Изобретение относится к биотехнологии, в частности к культивированию тканей и органов растений, и может быть использовано в цветоводстве для повышения коэффициента размножения, оздоровления посадочного материала, а также в селекционной практике для создания новых и улучшения уже известных сортов растений.
Техника микроклонирования сокращает продолжительность развития в несколько раз по сравнению с жизненным циклом гладиолуса в естественных условиях, а коэффициент размножения (КР) повышает на порядки. Однако микроклонирование гладиолуса остается еще сравнительно продолжительной, сложной и дорогостоящей процедурой.
Известны способы клонального микроразмножения гладиолуса через каллусную культуру, основанные в подборе типа экспланта и оптимального состава среды, а также методы, связанные с пролиферацией пазушных и адвентивных меристем.

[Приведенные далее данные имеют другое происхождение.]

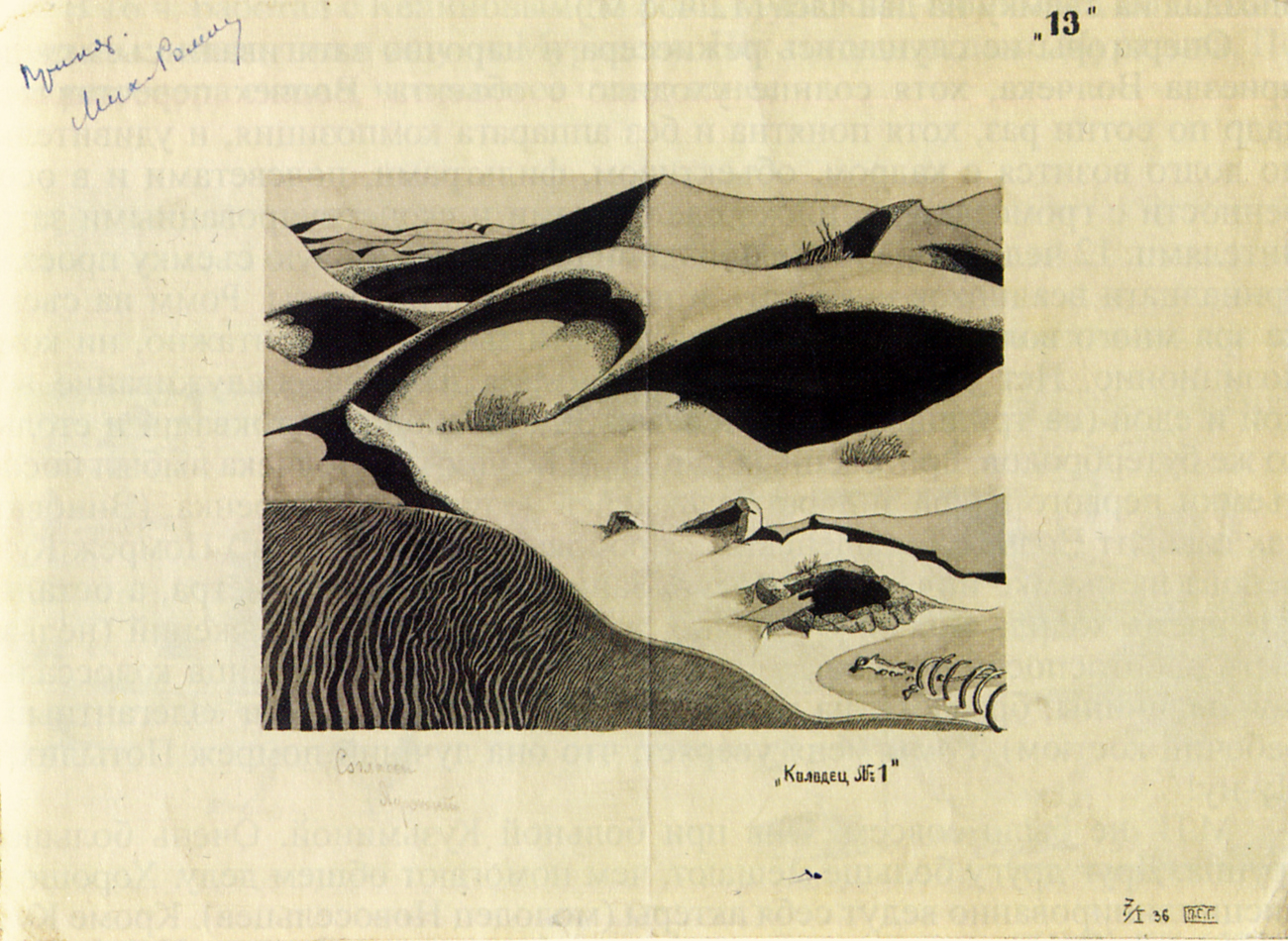 Эскиз декораций к фильму «Тринадцать» (1936). Барханы. Бумага, карандаш графитный, тушь, перо. Киноведческие записки. 2011/2012. № 99.

В одном из таких способов была показана регенерация из сегментов стебельков соцветий, которая зависела от концентраций 1-нафтилуксусной кислоты (НУК) и кинетина. Регенерация происходила образованием на базальном конце слоя каллуса зачатков корней, на дистальном конце - почек и вторичных побегов (Ziv et al. Organs and plantlets regeneration of Gladiolus through tissue culture./Ann. Bot. - 1970. - V.34. - P. 671-676).
Для получения здоровых растений была показана индукция каллуса из изолированных верхушек вторичных побегов на модифицированной среде Murashige and Skoog (MS) (Murashige Т. And Skoog F. Arevised medium for rapid growth and bioassay with tobacco tissue culture./Physiol. Plant. - 1962. - V.15. - P. 472-497) в сочетании с ростовыми веществами.
В аналогичном способе морфогенез происходил за счет образования органоидов с сосудистой тканью, побегов и растений с корешками (Simonsen J. and Hildebrandt A.C. In vitro growth and differentiation of Gladiolus plants from callus cultures./Can. J. Bot - 1971. - V.49. - P. 1817-1819).
Недостаток вышеуказанных методов заключается в длительности процесса, низкой выживаемости регенерантов, отсутствии сведений о стабильности растений в культуре in vitro.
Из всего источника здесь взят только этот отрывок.